[Data excerpts]
---------------
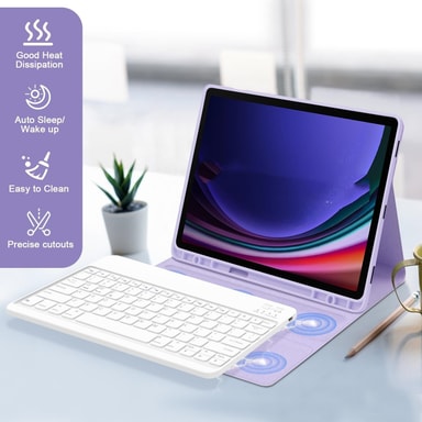 Praktiske funktioner: Dette tastaturcover er fyldt med praktiske funktioner til at forbedre din brugeroplevelse med din Samsung Galaxy Tab S7 FE 5G 12,4 tommer. Sleep/wake-funktionen sætter automatisk din tablet i dvale, når coveret lukkes, og vækker den, når det åbnes, hvilket sparer batterilevetid. Det hurtige varmeafledningsdesign forhindrer din tablet i at overophede under længere brug. Den let rengørbare overflade sikrer, at dit cover altid ser bedst ud. Med en batterikapacitet på 280mAh tilbyder tastaturet cirka 40 timers brugstid på en enkelt opladning, hvilket gør det ideelt til rejser og brug på farten.
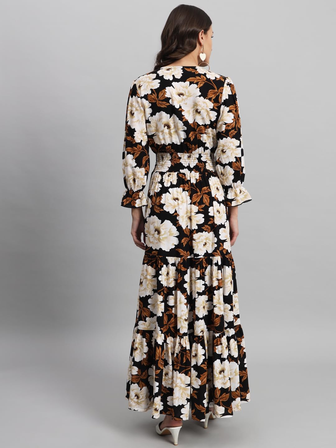 SHRITIK Women Floral Printed Rayon Smocking Tiered Maxi Dress
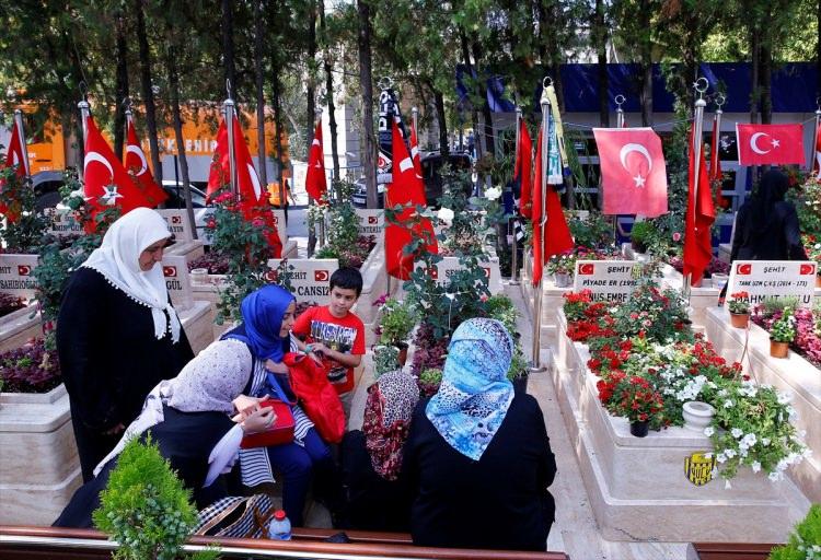 15 Temmuz Derneği üyeleri ve şehit yakınları, Karşıyaka Mezarlığı'ndaki 15 Temmuz şehitlerinin kabirlerini ziyaret etti.
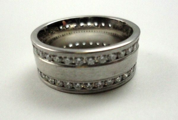 Never worn! From a jewelry store closure!Approx. 1.5ct total weight of diamonds. THIS RING CANNOT BE SIZED, diamonds go all the way around the band! This ring retails for $3500 to $4169.
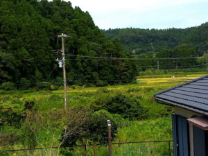 ハッキリ稲刈りの状況が玄関前でも見えたので、物干しから撮りました。
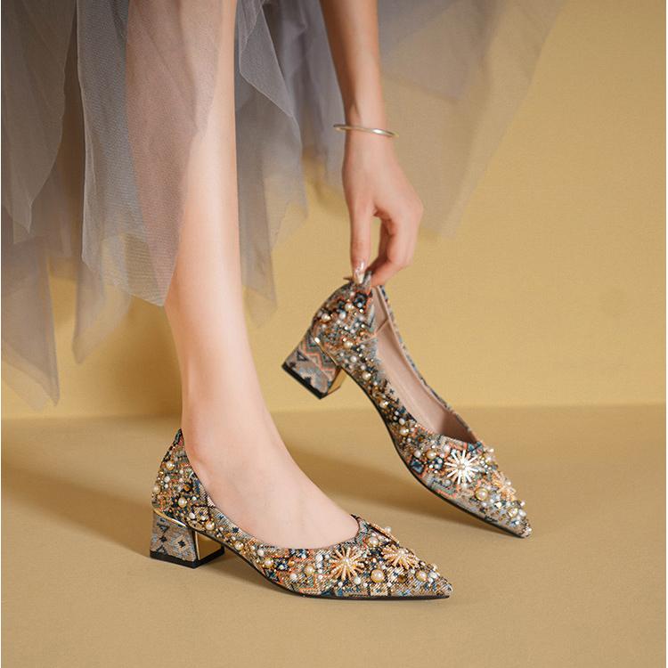 Остроконечные туфли в этническом стиле с платьем со стразами на плоской подошве, мягкая подошва Willow Nail, большой размер 42 разноцветный
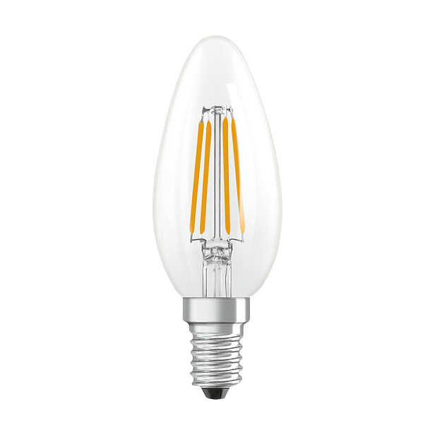 The Osram LED Classic B 40 Filament DIM P 3.4W 827 Clear E14 is a dimmable, filament-style LED candle lamp, perfect for both decorative and general lighting applications. This lamp is designed to directly replace a 40W incandescent bulb, providing an energy-efficient solution.
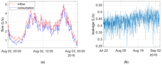 (a) District metered area (DMA) inflow (red) and the sum of all the users’ water consumption (blue) with a 5 min time step over one day. (b) Trends in the leakage with a 60 min time step over the period of 45 days.
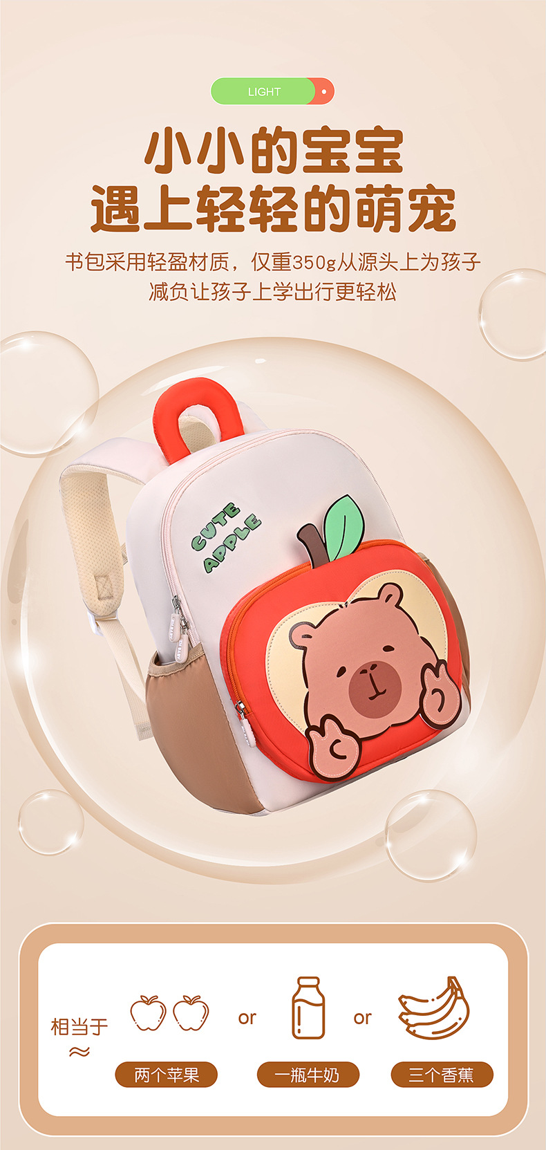 3-6 세 아기 가방 경량 귀여운 미니 참깨 아기 새 유치원 소년 소녀를위한 만화 학교 가방
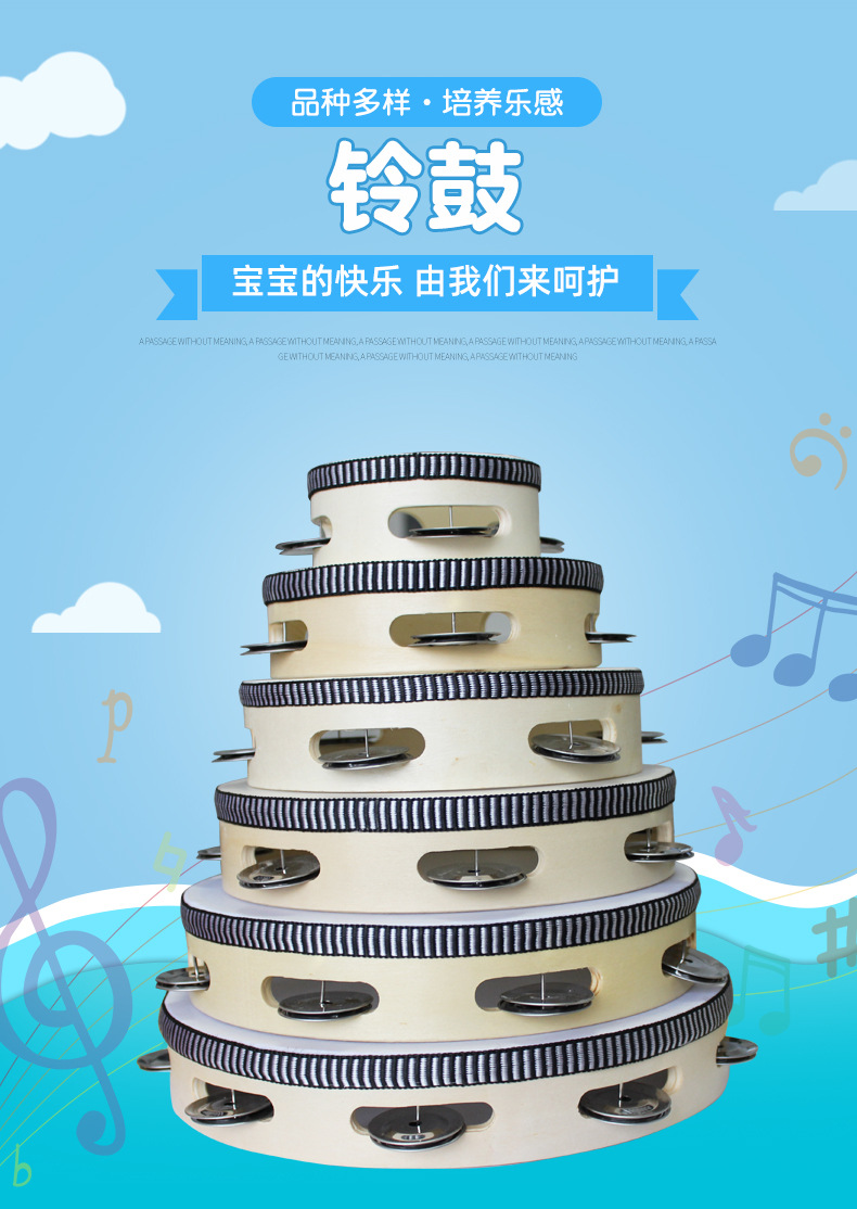 9-inch tambourine wood color
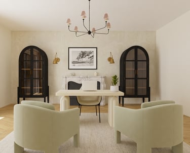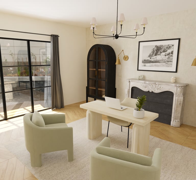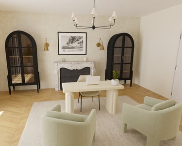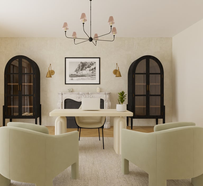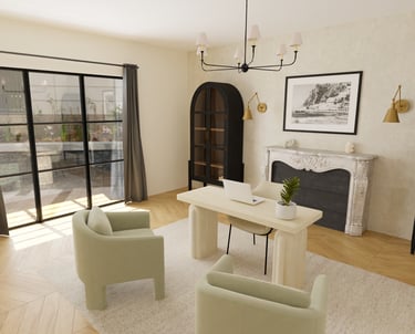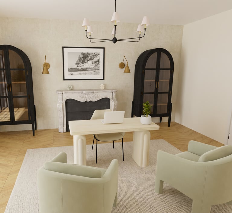 L'objectif était de créer un bureau élégant et fonctionnel, en respectant le caractère classique du lieu tout en y apportant une touche contemporaine.
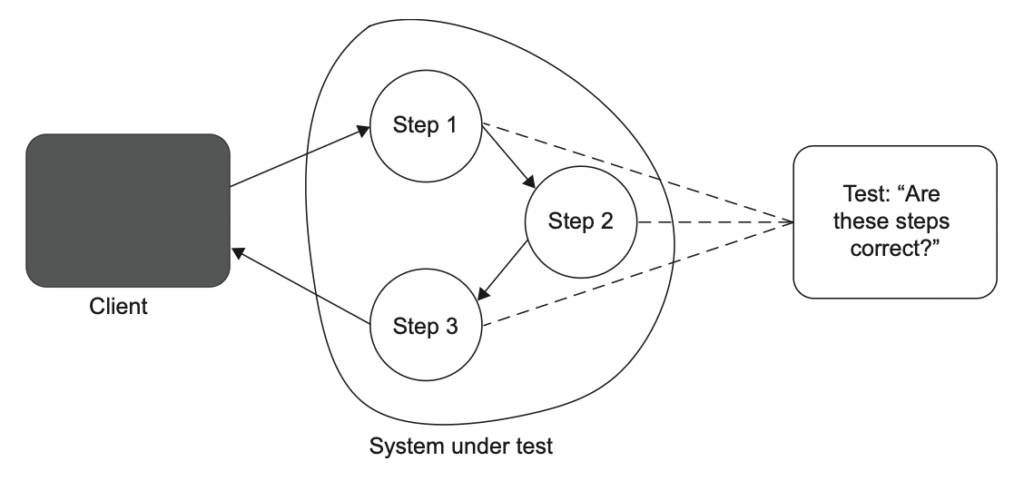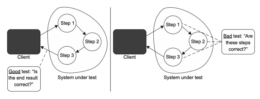 با این حال، تست در هر کدوم از این تغییرات fail میشه، حتی وقتی نتیجهی نهایی تغییر نکرده باشه. دلیلش اینه که تست به جزئیات پیادهسازی SUT وابستهست، نه به خروجیای که SUT تولید میکنه. این تست الگوریتم رو بررسی میکنه و انتظار داره یک پیادهسازی خاص رو ببینه، بدون اینکه به پیادهسازیهای جایگزین که به همون اندازه درست هستن توجهی داشته باشه.
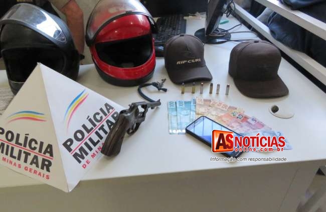 Segundo informações a equipe do Grupo Especializado em Prevenção Motorizada Ostensiva Rápida (GEPMOR) foram os primeiros a chegar exatamente no momento em que os suspeitos subiriam numa motocicleta Honda XRE-300, cor preta, placa PXN-0532 de Belo Horizonte, que no sistema informatizado constava queixa roubo/ furto em datas anteriores, eles receberam ordem dos Militares para que largassem a arma e deitassem no chão, os dois foram apreendidos.
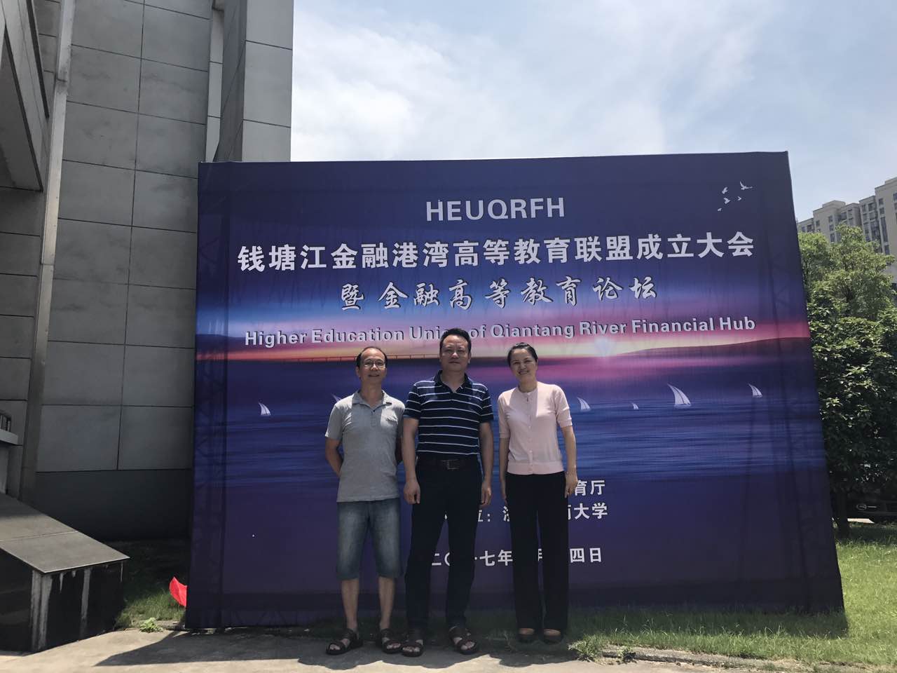 2017年7月14日, 91沈先生 副院长周新苗、院长助理陈涛及金融系系主任刘慧宏赴杭州参加钱塘江金融港湾教育联盟成立大会暨金融教育论坛。
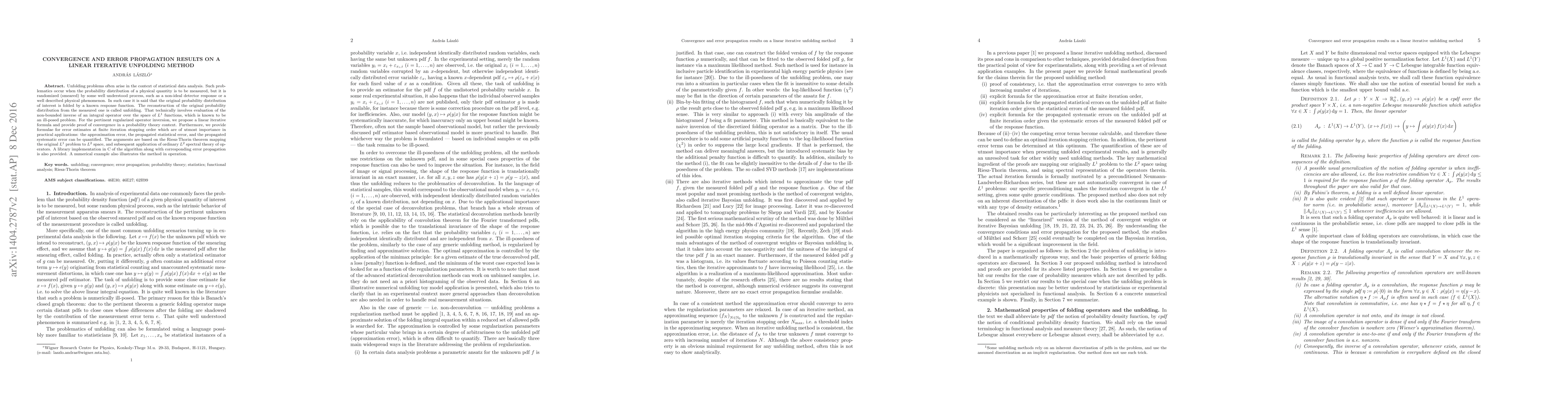 This paper proposes a linear iterative method for solving unfolding problems in statistical data analysis, demonstrating its convergence and providing error propagation estimates. It utilizes the Riesz-Thorin theorem and L^2 spectral theory for analysis, and includes a C library implementation and numerical example.
---------------
▸ **Your task**
Copy out all the data exactly. The images should not appear in the copy.

▸ **Your solution**
 Praktiske funktioner: Dette tastaturcover er fyldt med praktiske funktioner til at forbedre din brugeroplevelse med din Samsung Galaxy Tab S7 FE 5G 12,4 tommer. Sleep/wake-funktionen sætter automatisk din tablet i dvale, når coveret lukkes, og vækker den, når det åbnes, hvilket sparer batterilevetid. Det hurtige varmeafledningsdesign forhindrer din tablet i at overophede under længere brug. Den let rengørbare overflade sikrer, at dit cover altid ser bedst ud. Med en batterikapacitet på 280mAh tilbyder tastaturet cirka 40 timers brugstid på en enkelt opladning, hvilket gør det ideelt til rejser og brug på farten.
 SHRITIK Women Floral Printed Rayon Smocking Tiered Maxi Dress
 15 Temmuz Derneği üyeleri ve şehit yakınları, Karşıyaka Mezarlığı'ndaki 15 Temmuz şehitlerinin kabirlerini ziyaret etti.
 Never worn! From a jewelry store closure!Approx. 1.5ct total weight of diamonds. THIS RING CANNOT BE SIZED, diamonds go all the way around the band! This ring retails for $3500 to $4169.
 ハッキリ稲刈りの状況が玄関前でも見えたので、物干しから撮りました。
 Остроконечные туфли в этническом стиле с платьем со стразами на плоской подошве, мягкая подошва Willow Nail, большой размер 42 разноцветный
 The Osram LED Classic B 40 Filament DIM P 3.4W 827 Clear E14 is a dimmable, filament-style LED candle lamp, perfect for both decorative and general lighting applications. This lamp is designed to directly replace a 40W incandescent bulb, providing an energy-efficient solution.
 (a) District metered area (DMA) inflow (red) and the sum of all the users’ water consumption (blue) with a 5 min time step over one day. (b) Trends in the leakage with a 60 min time step over the period of 45 days.
 3-6 세 아기 가방 경량 귀여운 미니 참깨 아기 새 유치원 소년 소녀를위한 만화 학교 가방
 9-inch tambourine wood color
 L'objectif était de créer un bureau élégant et fonctionnel, en respectant le caractère classique du lieu tout en y apportant une touche contemporaine.
 با این حال، تست در هر کدوم از این تغییرات fail میشه، حتی وقتی نتیجهی نهایی تغییر نکرده باشه. دلیلش اینه که تست به جزئیات پیادهسازی SUT وابستهست، نه به خروجیای که SUT تولید میکنه. این تست الگوریتم رو بررسی میکنه و انتظار داره یک پیادهسازی خاص رو ببینه، بدون اینکه به پیادهسازیهای جایگزین که به همون اندازه درست هستن توجهی داشته باشه.
 Segundo informações a equipe do Grupo Especializado em Prevenção Motorizada Ostensiva Rápida (GEPMOR) foram os primeiros a chegar exatamente no momento em que os suspeitos subiriam numa motocicleta Honda XRE-300, cor preta, placa PXN-0532 de Belo Horizonte, que no sistema informatizado constava queixa roubo/ furto em datas anteriores, eles receberam ordem dos Militares para que largassem a arma e deitassem no chão, os dois foram apreendidos.
 2017年7月14日, 91沈先生 副院长周新苗、院长助理陈涛及金融系系主任刘慧宏赴杭州参加钱塘江金融港湾教育联盟成立大会暨金融教育论坛。
 This paper proposes a linear iterative method for solving unfolding problems in statistical data analysis, demonstrating its convergence and providing error propagation estimates. It utilizes the Riesz-Thorin theorem and L^2 spectral theory for analysis, and includes a C library implementation and numerical example.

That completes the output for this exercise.